We won’t argue with you: The Rolling Stones made their best music in the ’60s and ’70s.
After 1978’s Some Girls, they released only one more classic album, 1981’s ‘Tattoo You.’ But that doesn’t mean that the band’s output since then has been a total waste. There have been some good albums during the period (like 1989’s Steel Wheels) and some pretty good songs (1983’s “Undercover of the Night”).
So put aside “Jumpin’ Jack Flash,” “Gimme Shelter” and “Miss You” for now, and take a look at the below list of the Top 10 Post-Some Girls Rolling Stones Songs.
10. “Highwire” (From Flashpoint, 1991)
One of two new studio songs attached to 1991’s Steel Wheels tour souvenir Flashpoint, “Highwire” is one of the few overtly political songs in the Rolling Stones’ extensive catalog. Written after the fallout of the Persian Gulf War, the song mentions missiles, tanks and greed. In a way, it picks up where “Gimme Shelter” left off more than two decades earlier.
9. “Anybody Seen My Baby” (From Bridges to Babylon, 1997)
The first single from 1997’s Bridges to Babylon is also the only memorable song on the LP, and part of that has to do with its melodic similarities to k.d. lang’s hit “Constant Craving” (she and songwriting partner Ben Mink were given a co-credit). The Biz Markie sample included in “Anybody Seen My Baby” marks the only Stones song to feature an outside influence like that.
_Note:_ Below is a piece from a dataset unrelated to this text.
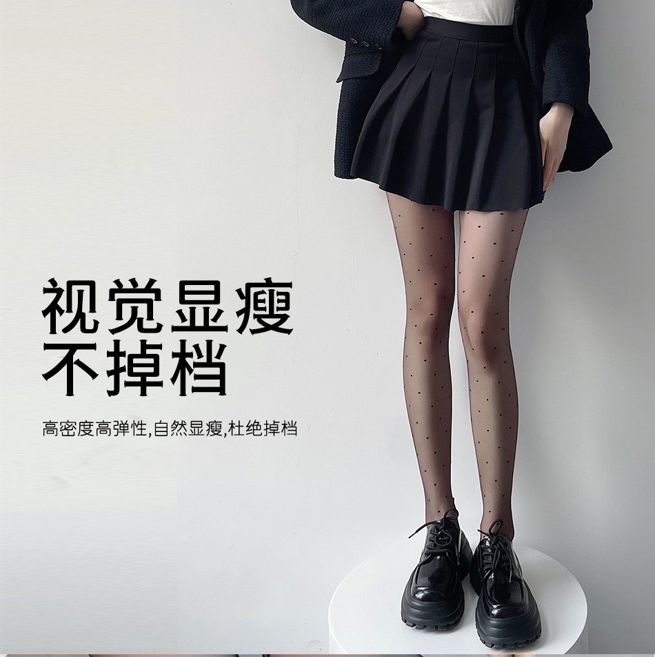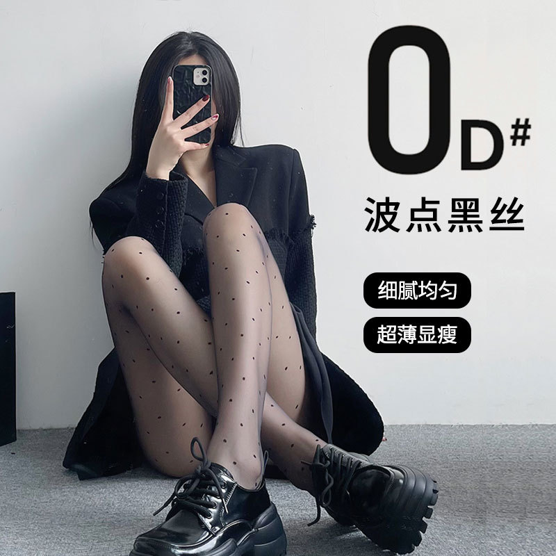 얇은 실크 스타킹 여성의 봄과 가을 슈퍼 투명 0d 폴카 도트 블랙 실크 섹시한 블랙 초박형 기모 모든 컷 파인애플 양말

8. “Worried About You” (From Tattoo You, 1981)
“Worried About You” was first tracked in late 1974 and early 1975 but didn’t end up on a Stones album until Tattoo You in 1981. Had it ended up on Black and Blue like intended, it would have been a highlight of that otherwise lackluster LP. The Stones had even performed the song during their fabled 1977 appearance at Toronto’s El Mocambo club.
7. “One Hit (To the Body)” (From Dirty Work, 1986)
Dirty Work is one of the band’s laziest and most boring albums. But the fierce “One Hit (To the Body)” sounds like classic-era Stones, with guitars churning alongside one of Mick Jagger‘s best post-Some Girls vocal performances. Bonus points: That’s Jimmy Page playing the soaring guitar solo that shows up midway through the song.
6. “Doom and Gloom” (From GRRR!, 2012)
If you already own the 537 other greatest-hits compilations the Stones have released over the past 50 years, you probably don’t need 2012’s GRRR!, which spans their entire career … unless you want the two new songs. “Doom and Gloom” is the keeper, a riff-powered rocker that sounds like the post-Some Girls era condensed into four solid minutes.
5. “Mixed Emotions” (From Steel Wheels, 1989)
Depending on your perspective, the Stones were either coasting or had a pretty rough time in the mid-’80s. But by the end of the decade, they were firing back with their best album since Tattoo You. ”Mixed Emotions,” Steel Wheels‘ first single, sounds like classic Stones: all piercing guitar riffs on top of a flashy backbeat.
4. “Undercover of the Night” (From Undercover, 1983)
After 1981’s back-to-basics Tattoo You (which included some leftover ’70s material), the Stones started getting restless again on 1983’s Undercover, incorporating street beats, harder music and even some super-political lyrics. It doesn’t always work, but the album’s opening song, and sorta title track, is killer, with rapid-fire percussion blasts cutting through the screaming guitars.
3. “Emotional Rescue” (From Emotional Rescue, 1980)
The Stones’ most blatantly disco number supposedly caused a rift between Mick Jagger, who liked the music, and Keith Richards, who didn’t. Either way, it’s one of the band’s best post-Some Girls singles, a honking, blaring and sweaty dance track featuring one of Jagger’s most playful vocals (he was trying to sound like Marvin Gaye).
2. “Waiting on a Friend” (From Tattoo You, 1981)
The elegiac ”Waiting on a Friend” closes the terrific Tattoo You in style, complete with a sky-high sax solo by Sonny Rollins. The song was started by Mick Taylor during the Goats Head Soup era, which accounts for its laid-back haunting undertone. But it’s a perfect ending to the last perfect album the Stones made.
1. “Start Me Up” (From Tattoo You, 1981)
“Start Me Up” is one of the Stones’ all-time classic tracks, so it’s no surprise that it’s topped our list of the Top 10 Post-Some Girls Rolling Stones Songs. The cut also features one of the band’s all-time greatest opening guitar riffs, which in turn kicks off and fuels their last classic album. Like many of the songs on Tattoo You, ”Start Me Up” was started in the ’70s, during the Black and Blue sessions. But it falls together so seamlessly with the rest of Tattoo You that it beats anything on Black and Blue … and everything else they did after Some Girls.